Assignment
Write out the line that holds "全新YOLOv13专栏限时订" together with every line that follows it to the end of the material below, exactly. Omit the pictures.

((

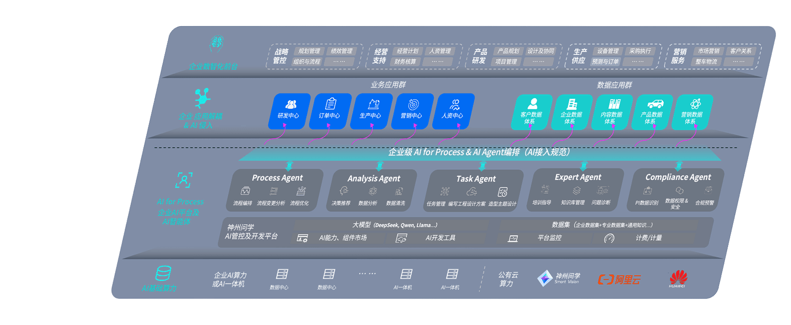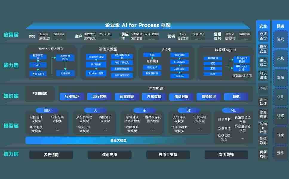 尊龙问学智车解决方案是一套基于AI技术的汽车行业智能化系统,,覆盖从底层算力到顶层AI应用的全栈方案。。。。方案由算力层、、模型层和应用层组成:算力层,,,,方案支持多种一体机配置,,,具备云端灵活部署、、、多云适配以及动态优化计算资源的能力;模型层,,,,尊龙问学平台版提供了企业级AI应用一站式构建与管理平台,,支持基于后训练强化技术的汽车企业专属模型的训练、、、、评测和运营;应用层,,尊龙问学DeepSeek版提供包括超级员工、、智能招采、、、智能营销、、、、智能客服、、AI for BI等一系列解决方案,,,,可助力汽车行业实现数字化转型,,,,让管理更智能、、响应更敏捷。。
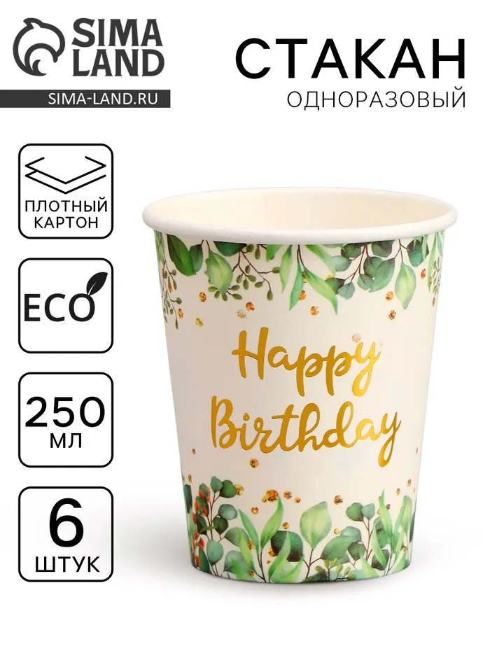 Стакан одноразовый бумажный Happy Birthday, цвет зеленый, набор 6 шт, 250 мл
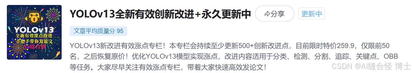 全新YOLOv13专栏限时订阅链接:全新YOLOv13创新改进高效涨点+永久更新中(至少500+改进)+高效跑实验发论文
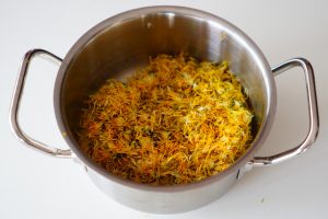 Następnego dnia przecedzamy płyn przez sitko i dobrze odciskamy, tak by cała woda spłynęła do drugiego naczynia. W razie potrzeby możemy sprawdzić, czy mamy 500 ml ekstraktu. Wtedy możemy przejść do kolejnego etapu.
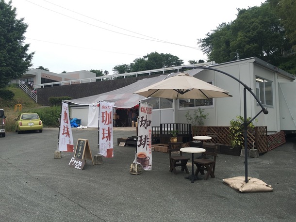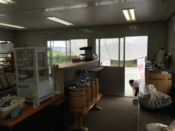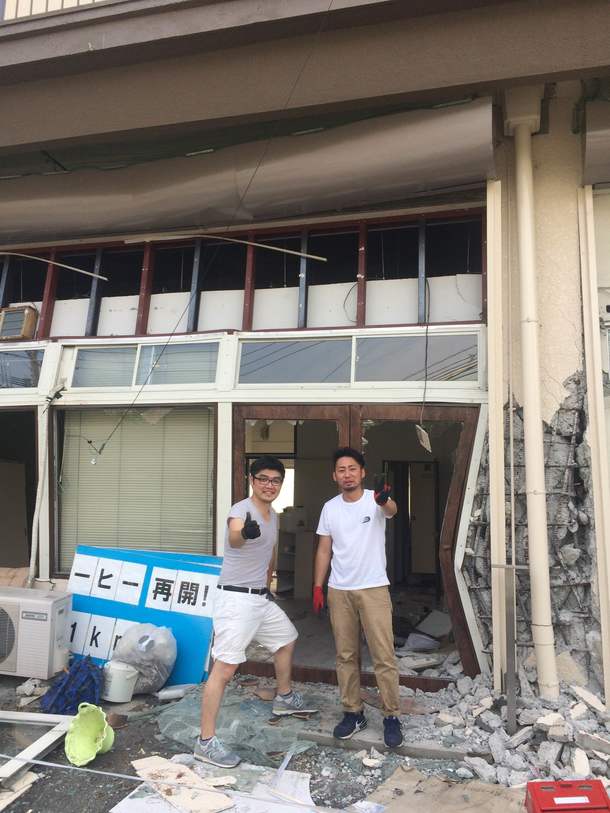 被災したカフェから必要なものを取り出し、あり合わせのもので、なんとか設営完了。

))

Answer to the exercise
 全新YOLOv13专栏限时订阅链接:全新YOLOv13创新改进高效涨点+永久更新中(至少500+改进)+高效跑实验发论文
 Następnego dnia przecedzamy płyn przez sitko i dobrze odciskamy, tak by cała woda spłynęła do drugiego naczynia. W razie potrzeby możemy sprawdzić, czy mamy 500 ml ekstraktu. Wtedy możemy przejść do kolejnego etapu.
 被災したカフェから必要なものを取り出し、あり合わせのもので、なんとか設営完了。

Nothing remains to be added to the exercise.